Not bad! And the result is some kind of black magic.
Everything is now encoded that we need to call the method!...now how do we get it out?
The client
Ok! moving onto the client there's a few things we have left to setup. Unfortunately with how nextjs works, we aren't able to encode the URL or the method type directly into the method in a type enforceable way. Plus we're only going to import types from the file above, so we can't import a string or anything like that. We'll leave those parts up to the client. So our imagined interface will be like this...
const callMyEndpoint = createRPC<PostEndpoint>("POST",({id})=>`/${id}`)
callMyEndpoint({
urlParams: { id: "1"}
query: { sort: "asc" }
body: { message: "" }
})
First the is the method type.
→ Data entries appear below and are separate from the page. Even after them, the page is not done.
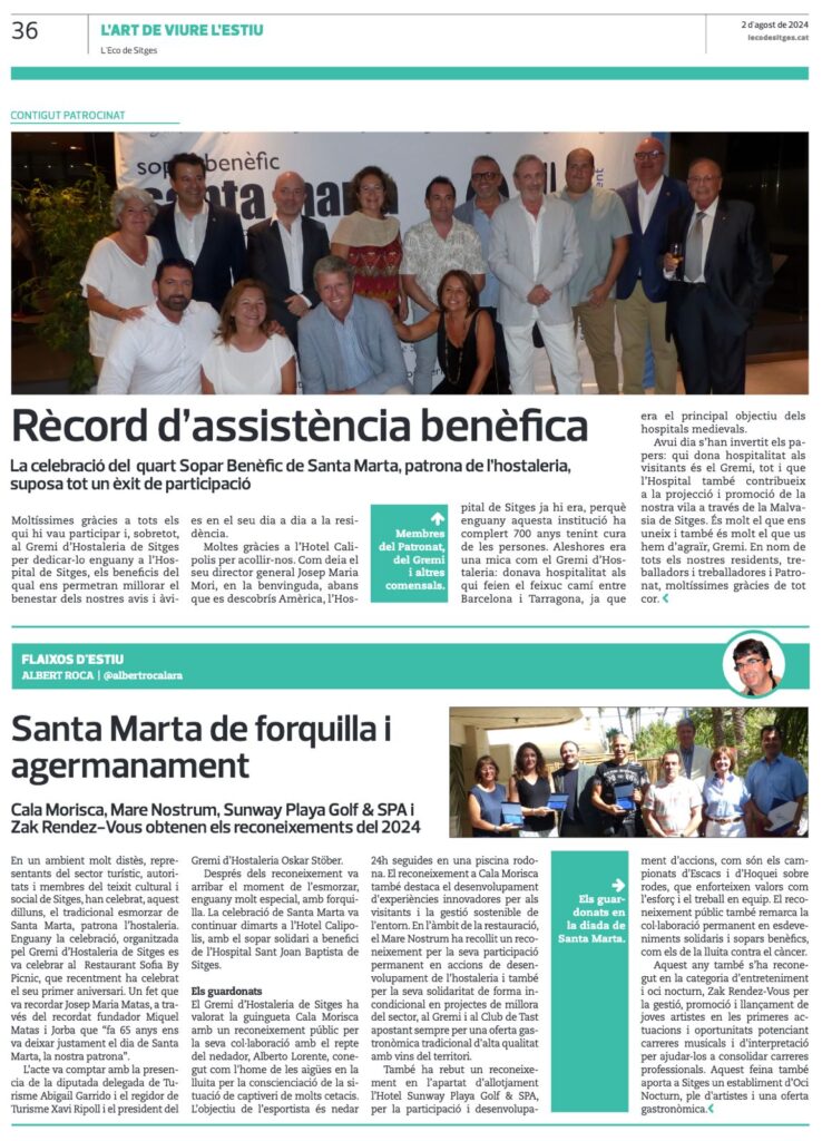 El passat 30 de juliol va tenir lloc el 4t Sopar benèfic de Santa Marta 2024, patrona de l’hostaleria, a l’hotel Calipolis i per a recaptació de fons per a la Fundació de l’Hospital Sant Joan Baptista que aquest any celebra els seus 700 anys de camí. L’hospital, d’hospitalitat des dels seus orígens i que els darrers anys continua amb la seva gran tasca per a la cura de les persones
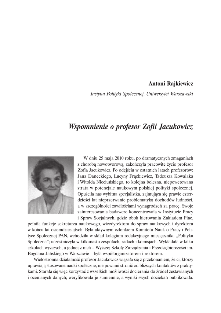 Antoni Rajkiewicz Instytut Polityki Spoïecznej, Uniwersytet Warszawski Wspomnienie o profesor Zofii Jacukowicz W dniu 25 maja 2010 roku, po dramatycznych zmaganiach z chorobą nowotworową, zakończyła pracowite życie profesor Zofia Jacukowicz. Po odejściu w ostatnich latach profesorów: Jana Daneckiego, Lucyny Frąckiewicz, Tadeusza Kowalaka i Witolda Nieciuńskiego, to kolejna bolesna, niepowetowana strata w potencjale naukowym polskiej polityki społecznej. Opuściła nas wybitna specjalistka, zajmująca się prawie czterdzieści lat nieprzerwanie problematyką dochodów ludności, a w szczególności zawiłościami wynagrodzeń za pracę. Swoje zainteresowania badawcze koncentrowała w Instytucie Pracy i Spraw Socjalnych, gdzie obok kierowania Zakładem Płac, pełniła funkcje sekretarza naukowego, wicedyrektora do spraw naukowych i dyrektora w końcu lat osiemdziesiątych. Była aktywnym członkiem Komitetu Nauk o Pracy i Polityce Społecznej PAN, wchodziła w skład kolegium redakcyjnego miesięcznika „Polityka Społeczna”; uczestniczyła w kilkunastu zespołach, radach i komisjach. Wykładała w kilku szkołach wyższych, a jednej z nich – Wyższej Szkoły Zarządzania i Przedsiębiorczości im. Bogdana Jańskiego w Warszawie – była współorganizatorem i rektorem. Wielostronna działalność profesor Jacukowicz wiązała się z przekonaniem, że ci, którzy uprawiają stosowane nauki społeczne, nie powinni stronić od bliższych kontaktów z praktykami. Starała się więc korzystać z wszelkich możliwości docierania do źródeł zestawianych i ocenianych danych; weryfikowała je sumiennie, a wyniki swych dociekań publikowała. 12 Antoni Rajkiewicz Publikowała je z reguły z myślą, by spełniały rolę edukacyjną i kreatywną w kształtowaniu polityki płac, a szerzej rzecz ujmując – ochronie ludności. Badania dotyczące zróżnicowania wynagrodzeń na tle ich dynamiki i struktury zatrudnienia, wartościowanie pracy oraz opracowania porządkujące sferę zarobków i towarzyszących im świadczeń stanowią trwały wkład do wiedzy o ekwiwalentnej roli płac i ich miejscu oraz znaczeniu w kategorii kosztów pracy. Profesor Jacukowicz kilkakrotnie zabierała głos na łamach „Problemów Polityki Społecznej”. W numerze 12. w obszernym artykule noszącym tytuł Pytania o teoriÚ pïac w sposób jednoznaczny wypowiedziała się za rolą płacy jako ekwiwalentu za pracę, przy czym „wysokość wynagrodzenia powinna być różnicowana proporcjonalnie do wartości pracy” (s. 107). Równocześnie przeciwstawiła się przekonaniu, że „płace kształtowane są na rynku” (s. 119). Dodała przy tym, że „przeświadczenie, że to rynek kształtuje wysokość płac, zwalnia pracodawców z dbałości o jej związek z pracą, o sprawiedliwe i terminowe wypłacanie wynagrodzenia” (tamże). Z przytoczonym poglądem komunikuje ostra uwaga zamieszczona w tym samym numerze „Problemów” w dziale „Forum o partycypacji pracowniczej”. Jest to uwaga o „ogromnej pazerności większości pracodawców” (s. 213). Powyżej przytoczone poglądy, które można uzupełnić zdecydowanymi zmaganiami o wynagrodzenie minimalne i o uwzględnienie minimum socjalnego w praktyce dochodów ludności, pozwalają zaliczyć profesor Jacukowicz do nielicznego dzisiaj grona badaczy odważnych, jawnie wypowiadających się przeciwko neoliberalnej polityce gospodarczej, błogosławiącej i wspierającej pochód nierówności społecznych. Z profesor Zofią Jacukowicz współpracowałem w przyjaźni prawie czterdzieści lat w różnych konstelacjach instytucjonalnych. W zajęciach dydaktycznych i w działaniach publicznych korzystałem z jej bogatego dorobku naukowego, podziwiałem pracowitość, sumienność i inwencję twórczą. Była osobą życzliwą, pogodną i niezawodną w realizacji podejmowanych zobowiązań i w uzgodnieniach. W czasie odwiedzin domowych poznałem małżonka pani profesor – pana Kazimierza, mgr. inż. komunikacji; pełnił on nieprzerwanie od 1969 roku do 1983 roku funkcję podsekretarza stanu w Ministerstwie Komunikacji; gdzie odpowiadał za rozwój sieci i ważnych obiektów kolejowych. Małżeństwo świetnie się uzupełniało, było małżeństwem twórczym. Pozostawiło po sobie trwałe ślady pracowitego życia. W różnych dziedzinach: ona – w infrastrukturze stosowanych nauk społecznych, on – w infrastrukturze polskiego transportu. Zmarł w dniu 26 października 2010 roku. Warto na zakończenie przytoczyć fragment wspomnienia pióra profesor Bożeny Balcerzak-Paradowskiej, dyrektor Instytutu Pracy i Spraw Socjalnych: „Pasja badawcza pozostała przy Niej do końca. Walcząc z nieuleczalną chorobą, świadoma konsekwencji tych zmagań, nie zaprzestała pracy nad ostatnim opracowaniem – książką poświęconą wynagrodzeniom za pracę we współczesnej gospodarce. Jak mówiła – »będzie to zwieńczenie całego mojego dorobku«. I jest. Na kilka tygodni przed śmiercią przekazała opracowanie do Instytutu”. Z zainteresowaniem czekamy na publikację, a również na pełną bibliografię, jaką zapewne przygotuje Główna Biblioteka Pracy i Zabezpieczenia Społecznego. Ukaże ona skalę i zakres dorobku naukowego, który nie sposób pomijać przy omawianiu różnych segmentów polityki społecznej. Wspomnienie o profesor Zofii Jacukowicz 13 Odnotujmy na zakończenie, że profesor Zofia Jacukowicz urodziła się 3 lipca 1930 roku w Gutowie, w rodzinie nauczycielskiej. Ojciec zginął w obozie koncentracyjnym w 1942 roku. Studia wyższe ukończyła w Szkole Głównej Planowania i Statystyki w 1955 r. i w tej uczelni obroniła pracę doktorską w 1971 roku, habilitowała się w 1976 r. Tematem rozprawy habilitacyjnej były proporcje płac w Polsce. Nominację profesorską otrzymała w 1986 r. Od roku 1972 pracowała nieprzerwanie w Instytucie Pracy i Spraw Socjalnych. Pogrzeb odbył się 2 czerwca 2010 roku na Powązkach Wojskow
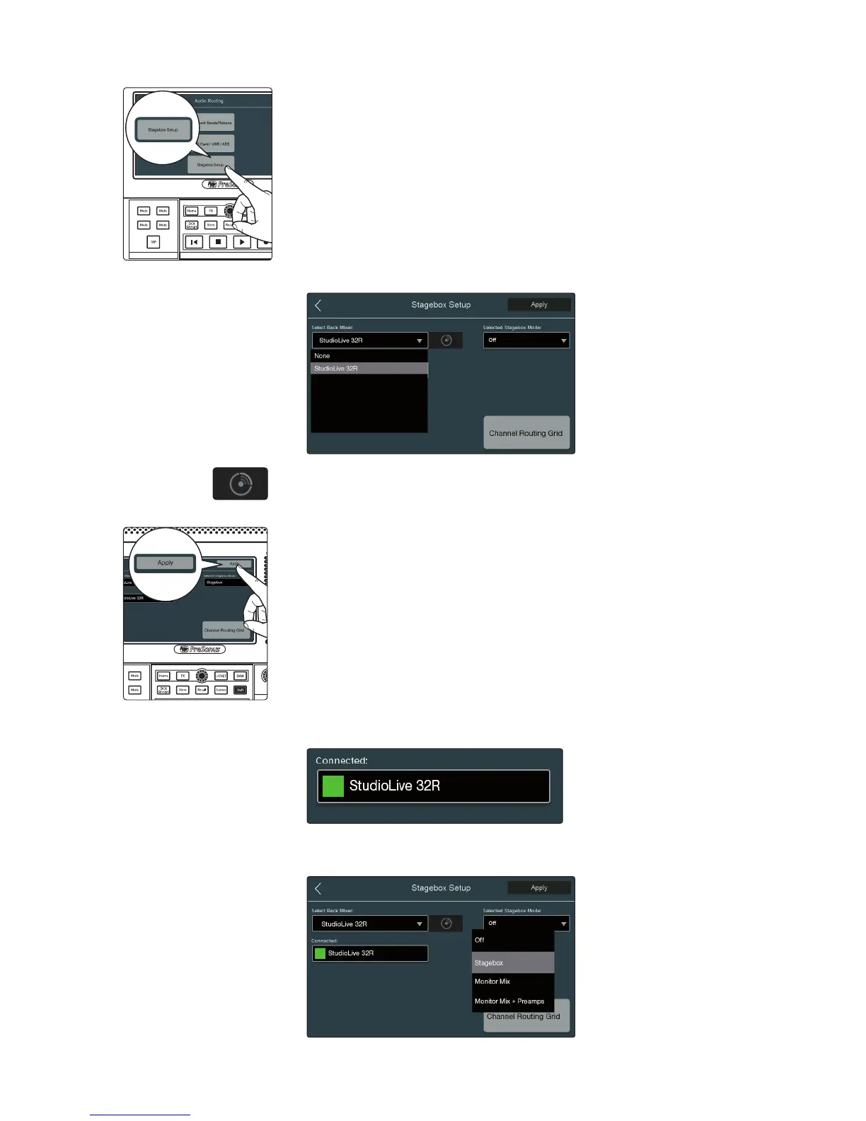 3. Press the Stagebox Setup button on the screen.
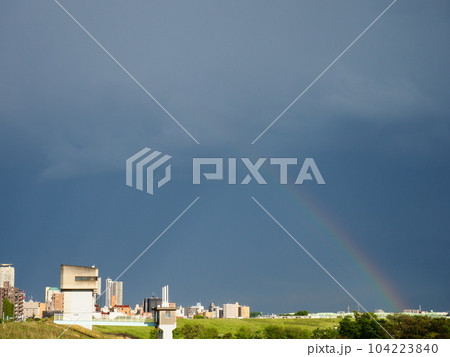 埼玉県川口市荒川堤からの風景(雨上がりに架かる虹)
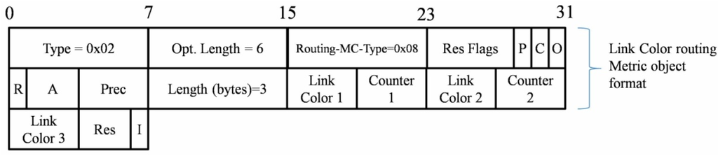 Link color routing metric is an efficient metric to disseminate the link quality information. In particular, we note that research about this metric was quite scarce before the drafting of this article. As the ETX metric has been adopted as a link quality indicator, the link color metric container can give three new defined routing metrics a piggyback. In Figure 3, the format of this container using a cumulative color counter is depicted, and the utilization of each Link Color flag field is depicted in Table 4.
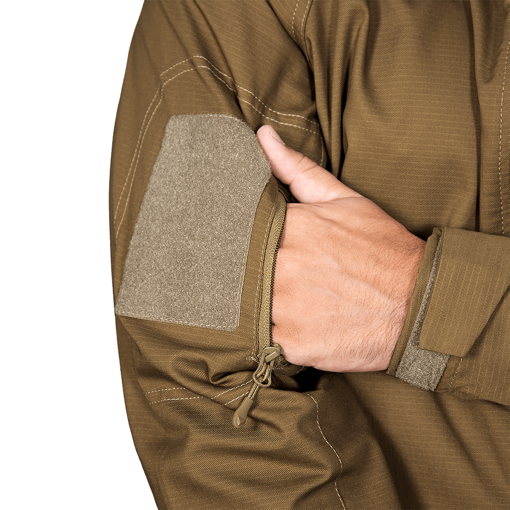 Куртка має дві містких кишені спереду і дві кишені на рукавах, під липучками для патчів або шевронів.
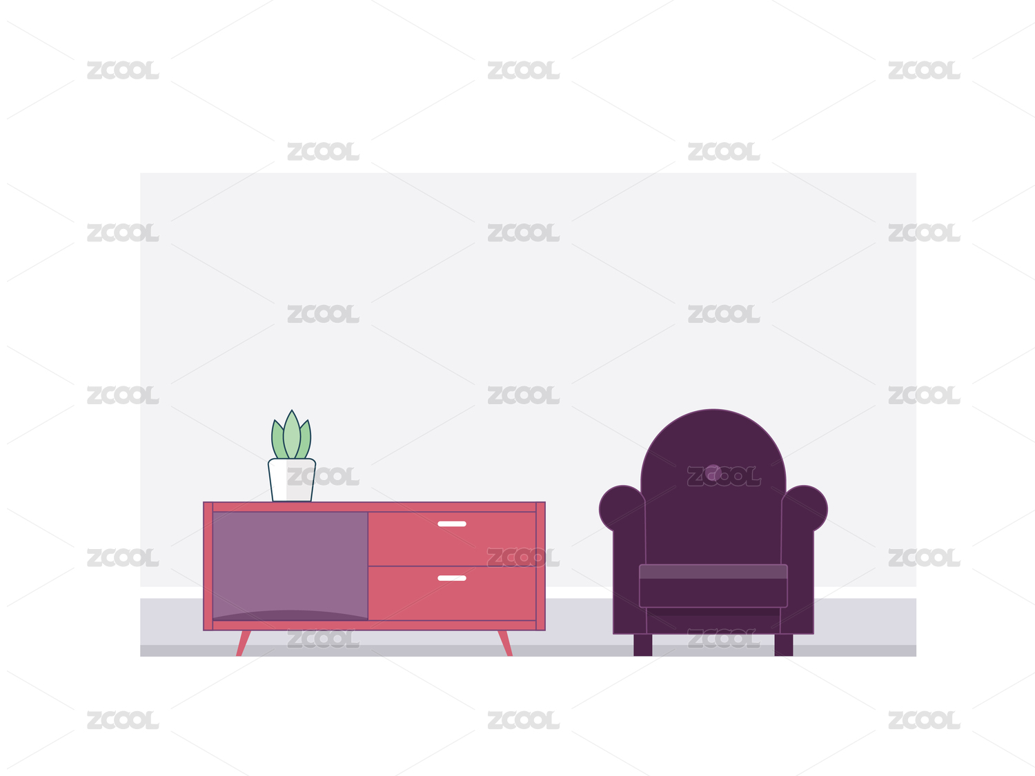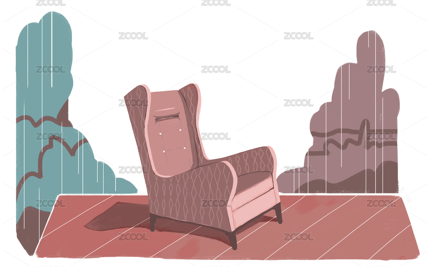 地毯上的單人沙發(fā) 裝飾風(fēng)格 手繪插畫

Pretty straight forward.
Next is the URL. Now, the URL could be dynamic, and that's one of our first uses of pulling out content from our defined API. With the way these types are setup, the url can be static if we have parameters for the URL, but if there are URL params, we'll need a callback to generate the URL.
Finally, we've generated our RPC, and we just need to call it!
Building the utility
type ExtractResponse<T> = T extends (
...args: any[]
) => MaybePromise<NextResponse<infer U>>
? U
: never;
type CreatedApi = ReturnType<typeof createApiEndpoint>;
type MethodTypes =
| "GET"
| "POST"
| "DELETE"
| "PUT"
| "PATCH"
| "HEAD"
| "OPTIONS";
export function createRPC<T extends CreatedApi>(
method: MethodTypes,
// url must be calculated via params when using urlParams
url: ExtractBrand<T>["urlParams"] extends undefined
? string
: (urlParams: ExtractBrand<T>["urlParams"]) => string,
) {
type Request = ExtractBrand<T>;
type Response = Promise<ExtractResponse<T>>;
const dynamicUrl = typeof url !== "string";
return async function rpc(req: Request) {
const prefix = dynamicUrl ? url(req.urlParams) : url;
const postfix = req.queryParams !== undefined ? `?${new URLSearchParams(req.queryParams)}` : "";
const fetchResponse = await fetch(`${prefix}${postfix}`, {
method,
body: JSON.stringify(req.body),
headers: {
"Content-Type": "application/json",
},
});
if (!fetchResponse.ok) {
const error = await fetchResponse
.text()
.catch(() => fetchResponse.statusText);
throw new Error(error);
}
return fetchResponse.json() as Response;
};
}
Ok...not pretty. How's it working though?
Results
Pretty nice! Now any changes on the backend will show on the frontend what's required. The results come back correctly. No more 400 errors!
Now...thi isn't a perfect solution. We could still run into 404 errors. NextJS' endpoints are file based, so it's pretty hard to encode that into a type system.
Still though this can get you pretty far! With only around 200 lines of (pretty terse) code you can get almost all the same benefits you would from a much larger library.